Correct fueling – understanding the types of nutrients required, and the quantities in which they should be consumed – will improve performance, but can seem baffling to the layman.
If you find nutrition information dry, chewy and a real headache, it’s time to go back to basics. Get these things right and the rest is just the icing on the cake. From the importance of carbohydrate and protein to when and what to eat and drink before, during and after a ride, we have the answers.
Always eat before starting your morning training. Sleeping depletes the liver’s store of glycogen, which is the major store of carbohydrate for blood sugar regulation. When this is reduced, your blood sugar level drops and fatigue sets in, making concentration difficult – particularly disadvantageous if you’re using your training session to learn a new technique. Look for foods high in carbohydrate, low in protein and low in fat and, so you don’t compromise on your sleep, choose foods you can eat on the go such as a jam sandwich or sports bar.
Carbs are king
The importance of carbohydrate as a fuel source for the cyclist is almost universally recognised. We recommend a carb intake of between 60 and 70 per cent per meal.
Less well known, however, is the importance of carbohydrate as a source of fibre. “On a multi-day event, the digestive system is neglected because the blood is going to the working muscles,” says Chris Hole, cycling coach.
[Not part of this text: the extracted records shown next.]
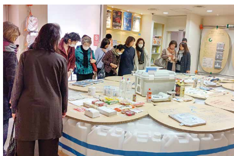
防災グッズ見学の様子(そなエリア東京)

3月6日(水)事業委員会・福利厚生委員会合同による「視察親睦会」を実施いたしました。今回は、「そなエリア東京(防災体験学習施設)視察」、「麻布台ヒルズ(エプソンチームラボ ボーダレス)体験」をしました。参加者の皆様と交流を深めながら、有意義な時間を過ごしました。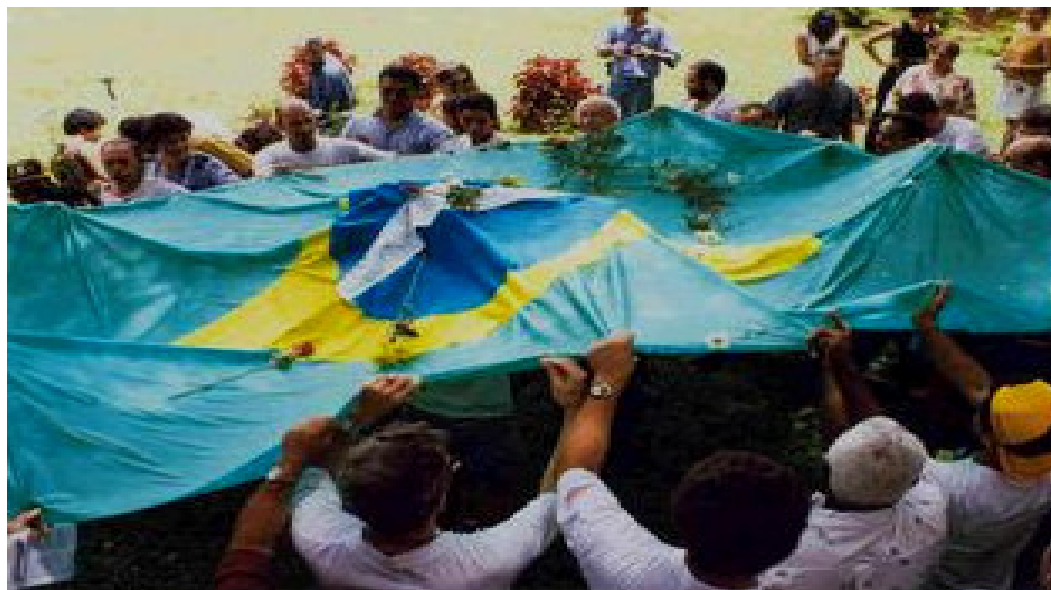
Foto 03 – Registro da Abertura Política no Brasil

Neste capítulo, amplio minhas reflexões acerca da consolidação da avaliação no Brasil, pertinente ao processo de sua institucionalização como uma Política Pública Educacional, que no âmbito da educação superior fez com que o ENC se convertesse na sua expressão máxima, uma tecnologia adotada para materializá-la nesse nível de ensino, processo questionável e paradoxal, uma vez que o Exame Nacional de Cursos, tornou-se a principal referência da ação avaliativa conduzida pelo Estado, a base corpórea da política, o que fez com que o mesmo passasse a ser confundido ou entendido como sinônimo da própria política.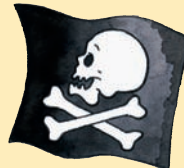
La bandiera di Barbanera

Potatoes, pasta, and rice are common sources of carbohydrate but Chris is a fan of buckwheat and quinoa, often served with avocado for protein.
Good fats, not bad fats
The type of fat you select is critical to health, performance and weight maintenance. Fats are grouped into ‘good’ fats and ‘bad’ fats. Good fats include polyunsaturated fats (Omega 3 and Omega 6 fats) and monounsaturated fats (Omega 9 fats). Whereas saturated fats found in meats and processed foods are to be limited, Omega 3 and 6 fats are vital to maintaining health and are found in nuts, seeds, fish and oils such as flaxseed, borage and starflower oil.
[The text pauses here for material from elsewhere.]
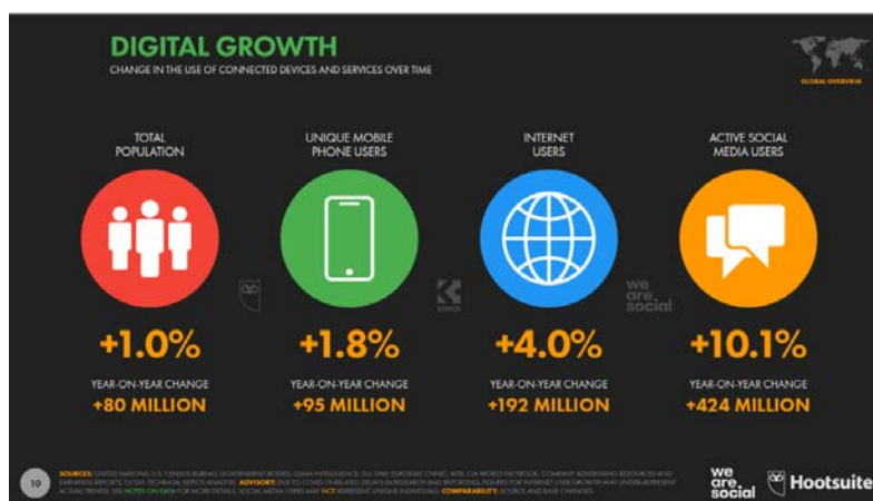
Рис. 3. Результаты ежегодного исследования Digital Global Overview Report [8]

Если рисунок заимствован из учебника, монографии, научной статьи, сайта и т.д. то есть не является авторским, то ссылка на источник обязательна. В данном случае в квадратных скобках указан номер из списка литературы, под которым стоит название источника и номер страницы, где приведен рисунок.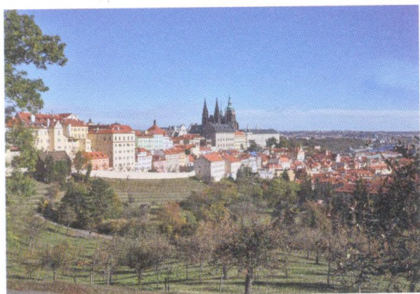
Svatojánská vinice nad sadem mandloní 150

Additional benefits from these fats include a reduction of inflammation in the body, making them great for those with asthma and allergies while also providing a stimulatory benefit to the metabolism, and therefore assisting in weight loss. Good fats are known to reduce bad cholesterol (LDL) and are therefore an important part of the diet to assist in the prevention of heart disease. Aiming for around 20g of good fat per day is a great strategy for health support without the risk of adding too many calorific fats to the diet.
After your ride, a four-hour window opens in which the body works at its hardest to replace glycogen stores depleted by your efforts in the saddle.
“Within the first two hours, the body is working at three-times the normal rate of replenishment. After those two hours, it drops to 50 per cent,” says Chris Hole.
How to make the most of this window? Chris Hole recommends consuming 200 calories per hour, equivalent to 50 grams of porridge every sixty minutes. Small meals are easier to digest, but the principle holds: two larger meals, of 400 calories each, will also provide adequate replenishment.
Your calorie source should come predominantly from carbohydrates. Chris Hole recommends one to 1.5 grams of carbohydrate, per kilo of body weight, each hour.
Protein improves your post-ride recovery – try a yoghurt after a short ride or a milkshake or carbohydrate-and-protein recovery drink after a longer effort. However, don’t overdo it – anyone eating a balanced diet and taking in enough calories is already likely to be consuming enough protein. (Cyclists need just 1.2-1.4g of protein per kilo of bodyweight per day.) There’s also evidence that too much protein can have an appetite-suppressing effect, which may prevent you eating enough carbohydrate to keep your glycogen levels topped up.
When the body sweats, it not only loses fluid, but vital salts as well. While sodium is available in tablet form, Chris Hole is a fan of whole foods, which here means high quality salts like Himalayan rock salt, Celtic sea salt, Hawaiian deep sea salt, or salts from Utah’s Great Lakes.
“These will give you an unprocessed, natural salt. If you were to put it in water, it would remain suspended and dissolve. If a salt sits at the bottom and doesn’t dissolve, it’s a poor salt,” says Chris Hole.
Caffeine has consistently been shown to improve performance. The most likely mechanism by which it works is by stimulating the central nervous system into working a little harder. Caffeinated gels are readily available – use one during a ride to boost performance. Having around 2-3mg per kilo of body weight one hour before a race will also be beneficial.
Nuts and seeds
Nuts and seeds are good sources of essential fatty acids. As already mentioned, omega 3 and 6 are essential, but omega 9 fatty acids are also important. They help decrease inflammation and enhance recovery. Look to eat a handful of nuts – such as almonds, peanuts, pecans, pistachios, cashews and hazelnuts – and seeds – such as sesame and pumpkin – each day and you’ll recover quicker.